▸ WORK REQUEST:
Each entry is to be given again precisely, and no picture may be carried over.

▸ DATA RECORDS:

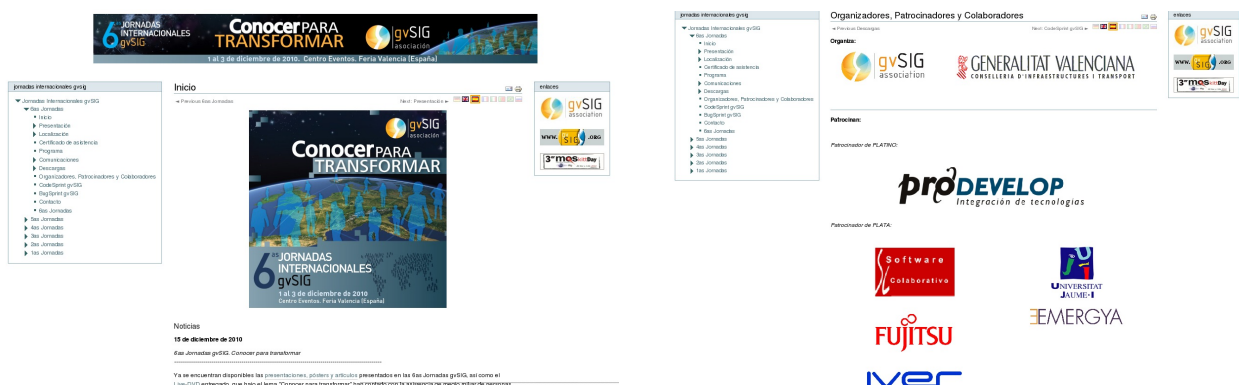
Picture 4. 6th gvSIG Conference. Detail of the web page design.
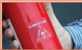
Clear Matte Poly Tape
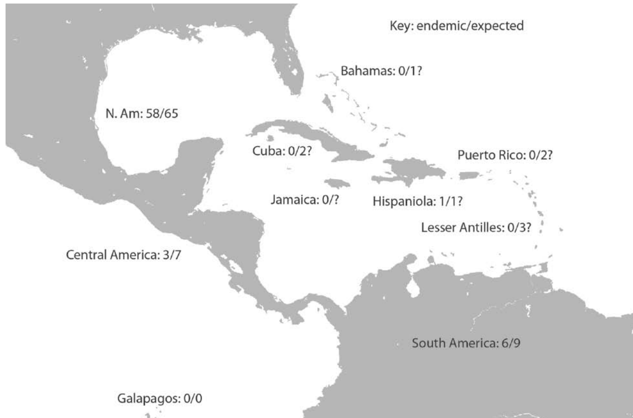
Fig 1. Distribution of Mermessus in the study region (based mostly on Platnick).

Mermessus is a common and diverse erigonine genus, especially in North America but also getting into other parts of the study area, where it has been less thoroughly documented. Mermessus typically build small sheet webs at ground level.
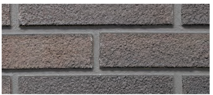
S9.5473 (Blue) | S9.1018 (Reds) Princeton - S9.8419
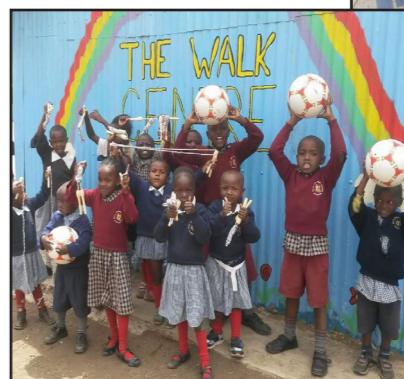
Above: toys donated by Creetown Primary Below: new fridge for orphanage
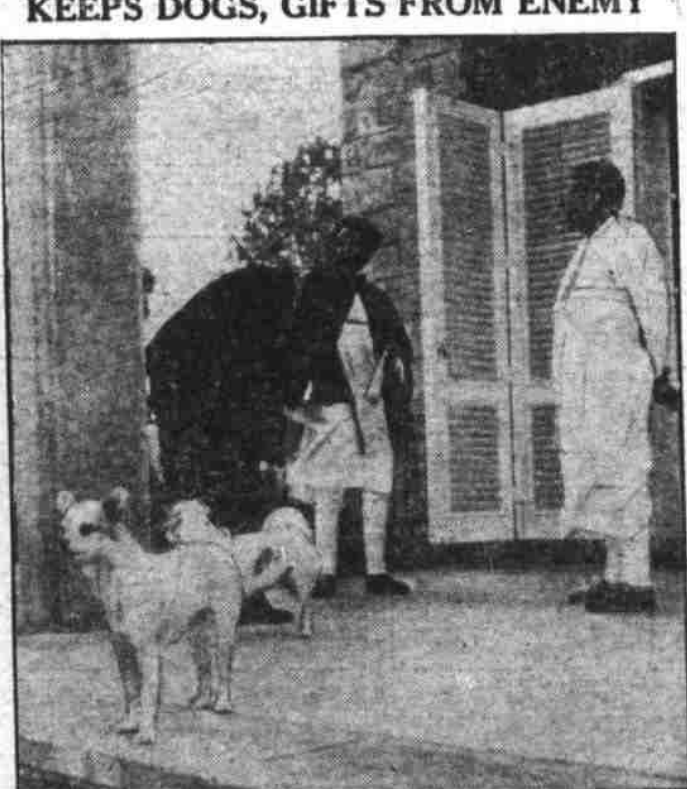
Italian residents of Ethiopia were moving out, but these Italian dogs—gifts from the King of Italy to Emperor Haile Selassie in happier days—will remain. The remains shown in front of his palace
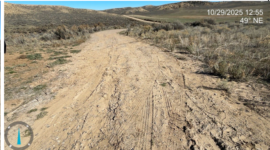
Photo 4: Photos showing an example of a portion of the access road that did not pre-exist Oil & Gas operations and remains unreclaimed. It appears as though the road is being used for agricultural activities. Scotch thistle rosettes have established throughout the area (yellow arrow).
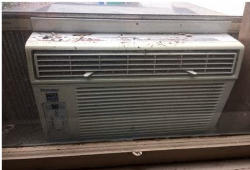
Photo 10: View of suspected ODS containing air-conditioning unit in Room D on the 1 st floor.
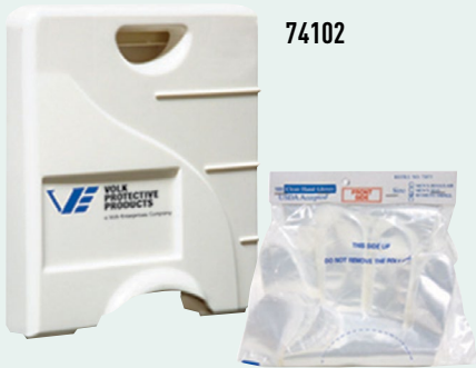
74102 Cream polypropylene dispenser, 8" x 9", 20 each per case

Single-use gloves and proper handwashing go hand-in-hand. Before handling any food, wash hands thoroughly and put on clean gloves. Remove and discard gloves after handling raw food. Wash hands again and put on clean gloves before handling ready-to-eat food.
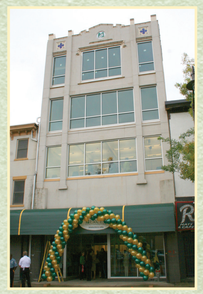
Foundation support helped with the purchase of Trenton Hall.

With new space comes the opportunity for program expansion. Trenton Hall gives Mercer the ability to offer more classes and more degree completion options in the city.
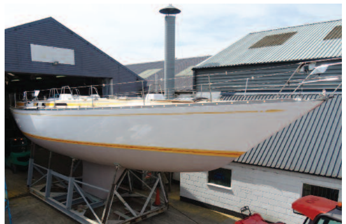
Good to go – the Swan 57 Yellowdrama IV on her way after her third refit at Fox's
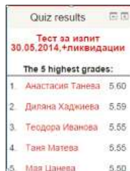
Figure 2. Quiz results (Moodle block).
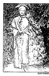
Soft, supple gray leather dresses in leath, gray fox sections. Coat $2,500. Matching gray leather skirt, $500. Robert Mann Furs, Appleton Square, Southfield.
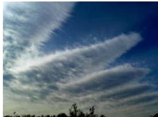
"Characteristics of Aerially Released AgL Plumes In Alberta" pub 1990
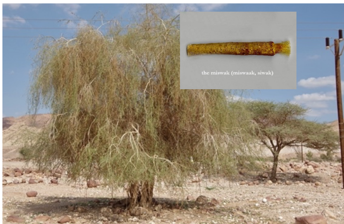
Mustard Tree ( salvadora persica ) with "toothbrush"

the two miracles that precede Jesus' four parables about the kingdom. This plant can also grow quite large, 10-12 feet, and thus serve as places for nests and perches for birds. It has an incredibly tiny seed, one that fits the description. One may not think this could be what is in mind, because the ESV reads, "tree," not "plant." But the word dendron can be translated as shrub or plant or bush or bramble, and I believe should be here. 17
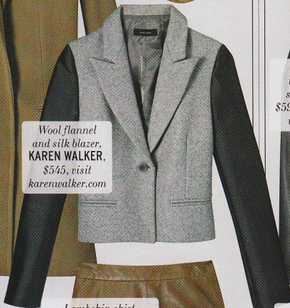
Wool flannel and silk blazer, KAREN WALKER , $545, visit karenwalker.com
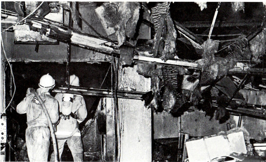
SOME 30 FIREFIGHTERS were called out at 1:45 a.m. August 3 to quell the blaze which destroyed Grass Valley Group's Administrative Office building.
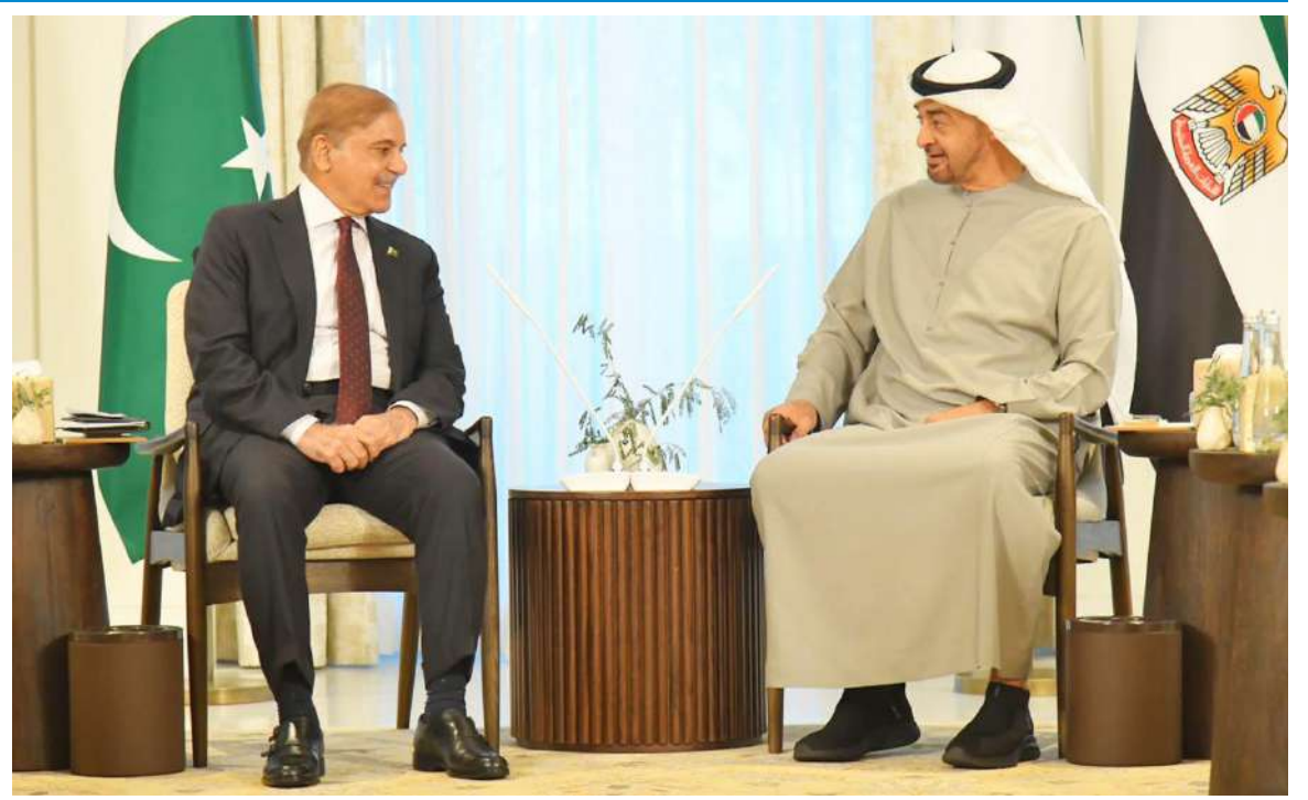
ABU DHABI: ABU DHABI: Prime Minister Muhammad Shehbaz Sharif meets the President of the United Arab Emirates His Highness Sheikh Mohamed Bin Zayed Al Nahyan.

everything goes well. The government will try its best to prolong the caretaker government on the pretext of an ongoing census. The matter will certainly go to the courts once again. There is also a possibility of enforcement of economic emergencies in the country. Legal experts are of the view under this pretext the government may delay the elections for six months. But in order to impose economic emergency the government will have to come up with some solid reasons. The KP government has not been dissolved. The PTI perhaps wants to make sure that first the Punjab dissolution should take place then it will go for the KP assembly dissolution. The PTI probably still has some doubts that is why it wants to wait for the next 48 when the Punjab assembly dissolution shall come into effect. Perhaps, that is why PTI Chairman Imran Khan delayed his address to the nation. Meanwhile, the PML N supreme Nawaz Sharif has come down heavily on the PML N leadership for what he thinks is a failure to contain PTI in the Punjab. He is unhappy with the way the leadership had handled the Punjab situation. Some senior leaders have advised him to go for elections instead of continuing at the federal level. However the Shehbaz Sharif camp is strongly opposed to this preposition.
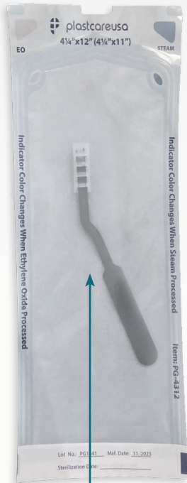
SurePass™ CTR Non-Sterile Blade
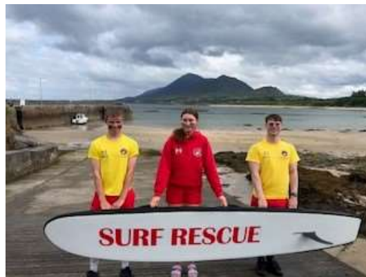
Lifeguards at Old Head Beach
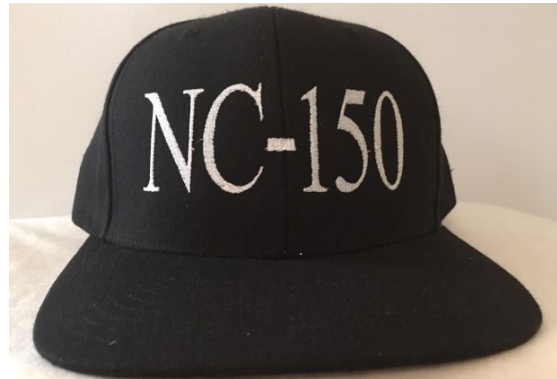
Embroidered Unit Designation
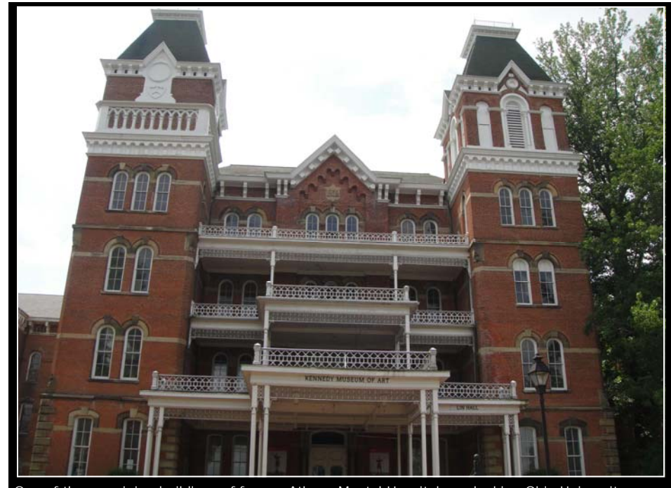
One of the remaining buildings of former Athens Mental Hospital overlooking Ohio University
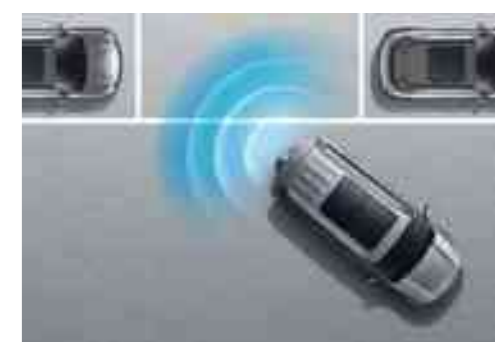
IIP 3 Types of Integration Intelligent Parking 360° Surrounding Camera
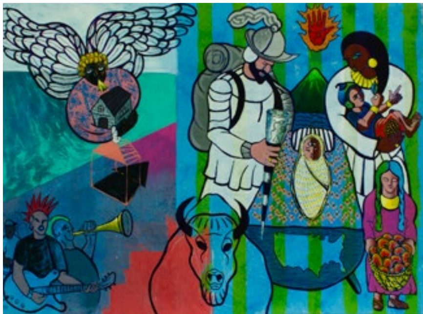
Renzo Ortega (Peruvian-American, b. 1974) Mestizaje , 2019 Acrylic on unstretched canvas 9" h x 12" w
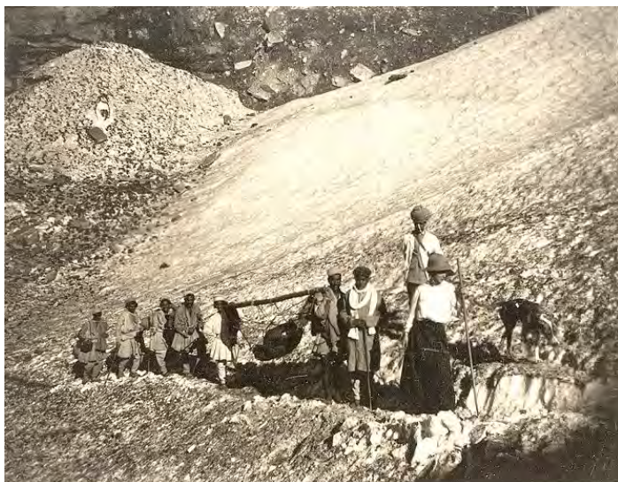
Fig. 5 — Inez Esther Dorothea Shuttleworth crossing a glacier between Kulu and Spiti.
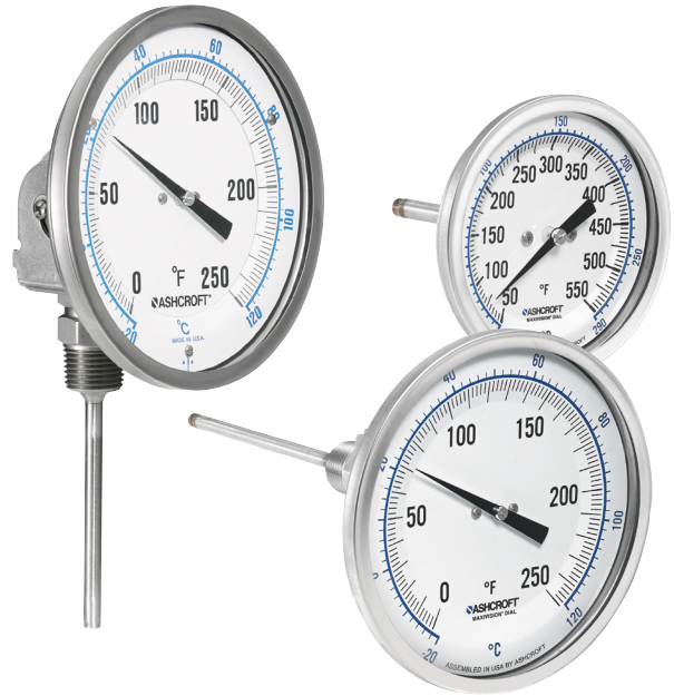
EL Bimetal 3", 5" dial sizes
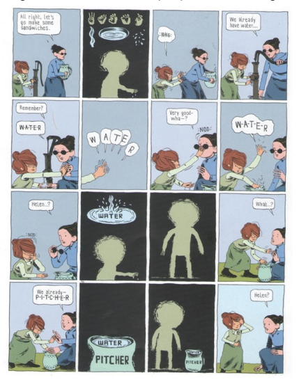
Fig. 2. Lambert, Joseph. Annie Sullivan and the Trials of Helen Keller (2012), Disney Hyperion, New York

Lambert has employed a tight and close 4 x 4 grid on nearly every page. He requisitely collapsed a couple of panels on the same page as a point of emphasis and preferred even larger panels preferably to express when something is emotional and normatively powerful stroke has occurred, for instance when Helen was able to spell out the word "water" for the first time. Lambert made use of his panels very closely to seamlessly feature upon it without missing the point of reference here. In the case of engaging with tiny panels, he kept his figures very simple and used a thin and delicate line to make them appropriate to the panels to maintain his narrative sequence. He was drifting loosely towards a more cartoony style which permitted him to use all sorts of shortcuts like dark scribbles over the head of the characters to indicate their anger and a scribble line on a face for anger as to be done in proper cartooning.
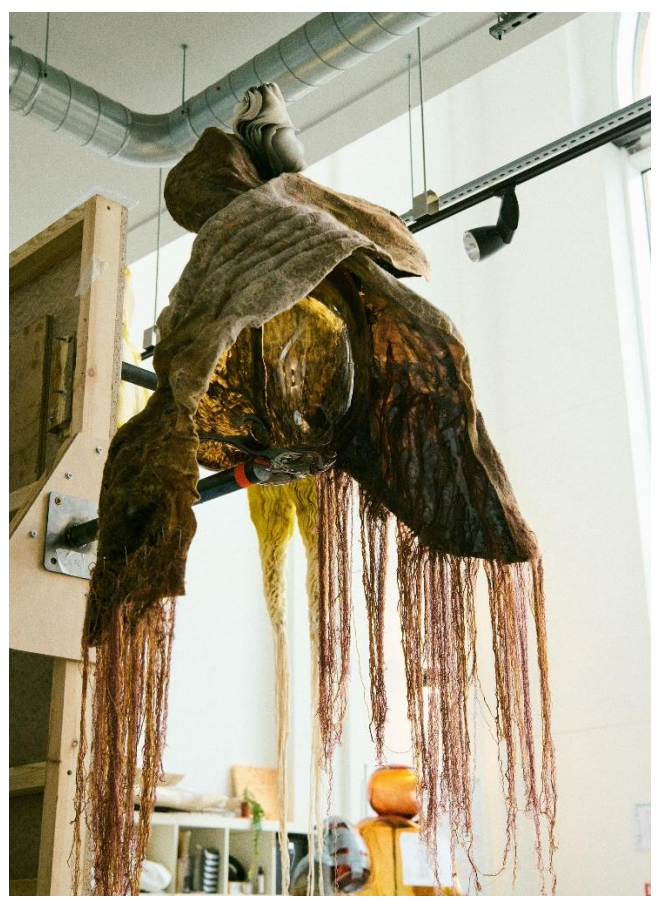
Marguerite Humeau's otherwordly rubber, glass, silk, felt and wool installation \*sky\*/ey- during fabrication
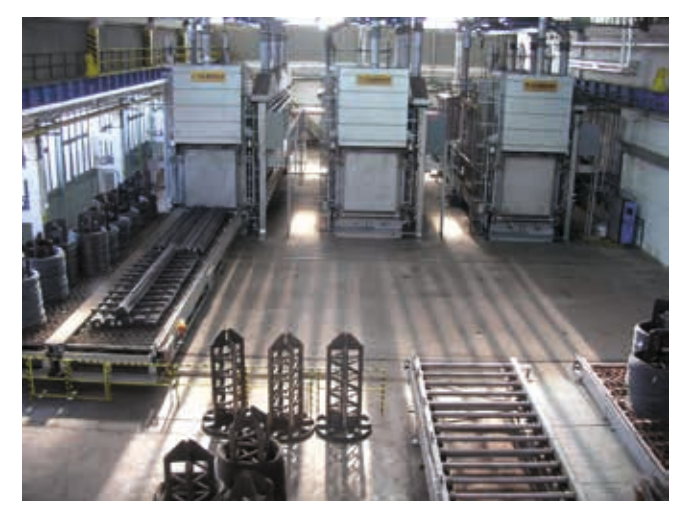
Figure 8. Semi-continuous STC®-furnace

The semi-continuous short time cycle (STC<sup>®</sup>) roller hearth furnace has a standardised size from 4 to 56 ton per charge capacity. Due to its modular configuration, the furnace can be pre-assembled in the workshop allowing an easy installation on the site (Figure 8).
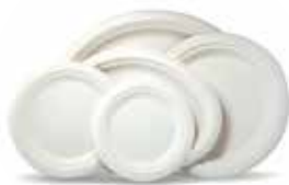
Sugarcane or Bagasse
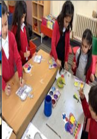
Queen Victoria – Y1
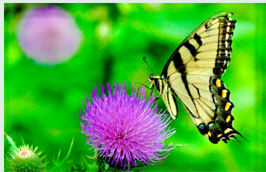
Butterfly on Thistle — Kirby Nature Preserve Prairie
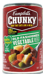
Chunky Vegetable Soup, 18 oz. Count: 1
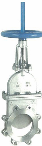
手动 Handle Wheel Knife gate valve
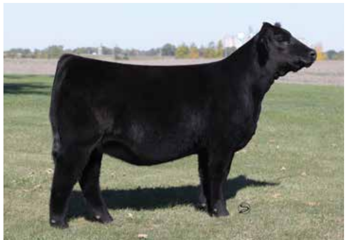
LOT 7 CCS / JS SUMMER 36K

▸ RESULT OF THIS TASK:
Picture 4. 6th gvSIG Conference. Detail of the web page design.
Clear Matte Poly Tape
Fig 1. Distribution of Mermessus in the study region (based mostly on Platnick).

Mermessus is a common and diverse erigonine genus, especially in North America but also getting into other parts of the study area, where it has been less thoroughly documented. Mermessus typically build small sheet webs at ground level.
S9.5473 (Blue) | S9.1018 (Reds) Princeton - S9.8419
Above: toys donated by Creetown Primary Below: new fridge for orphanage
Italian residents of Ethiopia were moving out, but these Italian dogs—gifts from the King of Italy to Emperor Haile Selassie in happier days—will remain. The remains shown in front of his palace
Photo 4: Photos showing an example of a portion of the access road that did not pre-exist Oil & Gas operations and remains unreclaimed. It appears as though the road is being used for agricultural activities. Scotch thistle rosettes have established throughout the area (yellow arrow).
Photo 10: View of suspected ODS containing air-conditioning unit in Room D on the 1 st floor.
74102 Cream polypropylene dispenser, 8" x 9", 20 each per case

Single-use gloves and proper handwashing go hand-in-hand. Before handling any food, wash hands thoroughly and put on clean gloves. Remove and discard gloves after handling raw food. Wash hands again and put on clean gloves before handling ready-to-eat food.
Foundation support helped with the purchase of Trenton Hall.

With new space comes the opportunity for program expansion. Trenton Hall gives Mercer the ability to offer more classes and more degree completion options in the city.
Good to go – the Swan 57 Yellowdrama IV on her way after her third refit at Fox's
Figure 2. Quiz results (Moodle block).
Soft, supple gray leather dresses in leath, gray fox sections. Coat $2,500. Matching gray leather skirt, $500. Robert Mann Furs, Appleton Square, Southfield.
"Characteristics of Aerially Released AgL Plumes In Alberta" pub 1990
Mustard Tree ( salvadora persica ) with "toothbrush"

the two miracles that precede Jesus' four parables about the kingdom. This plant can also grow quite large, 10-12 feet, and thus serve as places for nests and perches for birds. It has an incredibly tiny seed, one that fits the description. One may not think this could be what is in mind, because the ESV reads, "tree," not "plant." But the word dendron can be translated as shrub or plant or bush or bramble, and I believe should be here. 17
Wool flannel and silk blazer, KAREN WALKER , $545, visit karenwalker.com
SOME 30 FIREFIGHTERS were called out at 1:45 a.m. August 3 to quell the blaze which destroyed Grass Valley Group's Administrative Office building.
ABU DHABI: ABU DHABI: Prime Minister Muhammad Shehbaz Sharif meets the President of the United Arab Emirates His Highness Sheikh Mohamed Bin Zayed Al Nahyan.

everything goes well. The government will try its best to prolong the caretaker government on the pretext of an ongoing census. The matter will certainly go to the courts once again. There is also a possibility of enforcement of economic emergencies in the country. Legal experts are of the view under this pretext the government may delay the elections for six months. But in order to impose economic emergency the government will have to come up with some solid reasons. The KP government has not been dissolved. The PTI perhaps wants to make sure that first the Punjab dissolution should take place then it will go for the KP assembly dissolution. The PTI probably still has some doubts that is why it wants to wait for the next 48 when the Punjab assembly dissolution shall come into effect. Perhaps, that is why PTI Chairman Imran Khan delayed his address to the nation. Meanwhile, the PML N supreme Nawaz Sharif has come down heavily on the PML N leadership for what he thinks is a failure to contain PTI in the Punjab. He is unhappy with the way the leadership had handled the Punjab situation. Some senior leaders have advised him to go for elections instead of continuing at the federal level. However the Shehbaz Sharif camp is strongly opposed to this preposition.
SurePass™ CTR Non-Sterile Blade
Lifeguards at Old Head Beach
Embroidered Unit Designation
One of the remaining buildings of former Athens Mental Hospital overlooking Ohio University
IIP 3 Types of Integration Intelligent Parking 360° Surrounding Camera
Renzo Ortega (Peruvian-American, b. 1974) Mestizaje , 2019 Acrylic on unstretched canvas 9" h x 12" w
Fig. 5 — Inez Esther Dorothea Shuttleworth crossing a glacier between Kulu and Spiti.
EL Bimetal 3", 5" dial sizes
Fig. 2. Lambert, Joseph. Annie Sullivan and the Trials of Helen Keller (2012), Disney Hyperion, New York

Lambert has employed a tight and close 4 x 4 grid on nearly every page. He requisitely collapsed a couple of panels on the same page as a point of emphasis and preferred even larger panels preferably to express when something is emotional and normatively powerful stroke has occurred, for instance when Helen was able to spell out the word "water" for the first time. Lambert made use of his panels very closely to seamlessly feature upon it without missing the point of reference here. In the case of engaging with tiny panels, he kept his figures very simple and used a thin and delicate line to make them appropriate to the panels to maintain his narrative sequence. He was drifting loosely towards a more cartoony style which permitted him to use all sorts of shortcuts like dark scribbles over the head of the characters to indicate their anger and a scribble line on a face for anger as to be done in proper cartooning.
Marguerite Humeau's otherwordly rubber, glass, silk, felt and wool installation \*sky\*/ey- during fabrication
Figure 8. Semi-continuous STC®-furnace

The semi-continuous short time cycle (STC<sup>®</sup>) roller hearth furnace has a standardised size from 4 to 56 ton per charge capacity. Due to its modular configuration, the furnace can be pre-assembled in the workshop allowing an easy installation on the site (Figure 8).
Sugarcane or Bagasse
Queen Victoria – Y1
Butterfly on Thistle — Kirby Nature Preserve Prairie
Chunky Vegetable Soup, 18 oz. Count: 1
手动 Handle Wheel Knife gate valve
LOT 7 CCS / JS SUMMER 36K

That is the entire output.